Currently, attempts to improve the efficacy of adoptive TIL therapy are focused on two areas: (a) optimizing methods to select tumor-reactive TIL and expand them under optimal costimulation conditions and (b) optimizing host and/or tumor conditioning. Findings from melanoma trials argue that use of memory rather than effector cells may be more efficacious for adoptive transfer [64]. In these key studies, although infused cells dominantly displayed a highly differentiated effector cell phenotype (CD27– CD28– CD45RA– CD62L– CCR7–), TILs persisting 2 months after infusion in patients who exhibited tumor regression were characterized by a less differentiated phenotype (CD27+ CD28+ CD45RA+ but CD62L– CCR7–) and longer telomeres [65–69]. Mouse models confirm these findings [70]. Because TILs comprise a large number of tumor-reactive effector cells, identification of culture conditions that preferentially expand memory phenotypes is a priority. Recent technological advances with the development of artificial antigen-presenting cells (aAPCs) expressing a variable repertoire of costimulatory molecules and cytokines have generated new opportunities to provide the desired costimulatory molecules and cytokines to reeducate TILs, improving their potency and function in vivo. Carl June and colleagues have described the development of a next-generation K562-based aAPC platform capable of expressing multiple gene inserts, including human lymphocyte antigen (HLA)-A2; CD64 (the high-affinity Fc receptor), CD80, CD83, CD86, CD137L (4-1BBL), and CD252 (Ox40L); and a variety of T-cell supporting cytokines [71]. Cell-based aAPCs have proven to be more efficient at activating and expanding CD8+ CD28– T cells, and antigen-specific T cells, than the magnetic bead-based aAPC [71].

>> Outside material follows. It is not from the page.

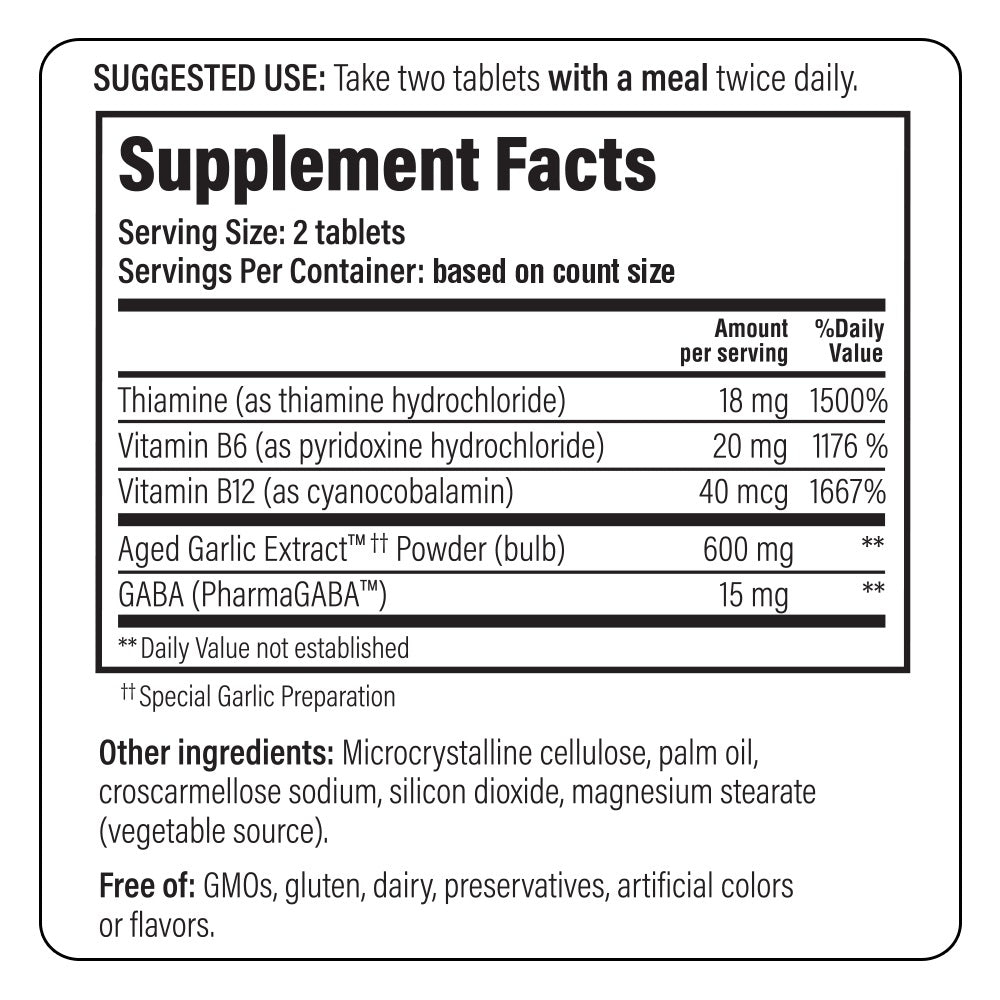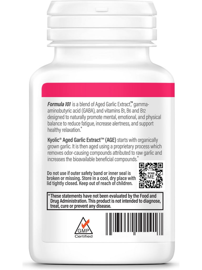 Kyolic Aged Garlic Extract Formula 101 Stress & Fatigue Relief contains 600 mg of Aged Garlic Extract, along with 15 mg of GABA, Vitamins B1, B6, and B12. (2 tablets/capsules; Recommend two servings per day) Take Formula 101 daily to support mental, emotional and physical balance, reduce fatigue and stress.

TIL therapy is only possible for a fraction of patients. To generate TIL, a tumor mass must first be resected, which is not always possible. Additionally, that tumor mass must contain TIL, and those TIL must be responsive to the existing ex vivo expansion protocols. For many patients, these limitations make TIL therapy impossible. One strategy to make adoptive therapy available to a larger patient population involves engineering polyclonal T cells to redirect their specificity towards tumor antigens. This can be accomplished by transducing lymphocytes with a cloned T-cell receptor (TCR) of high affinity to tumor-associated epitopes. In this case, the cloned heterodimeric TCR is transduced to mixed peripheral blood T cells isolated from the patient, creating a large population of bispecific T cells, which are polyclonal with respect to their original TCR, but potentially monoclonal for the cloned TCR [72].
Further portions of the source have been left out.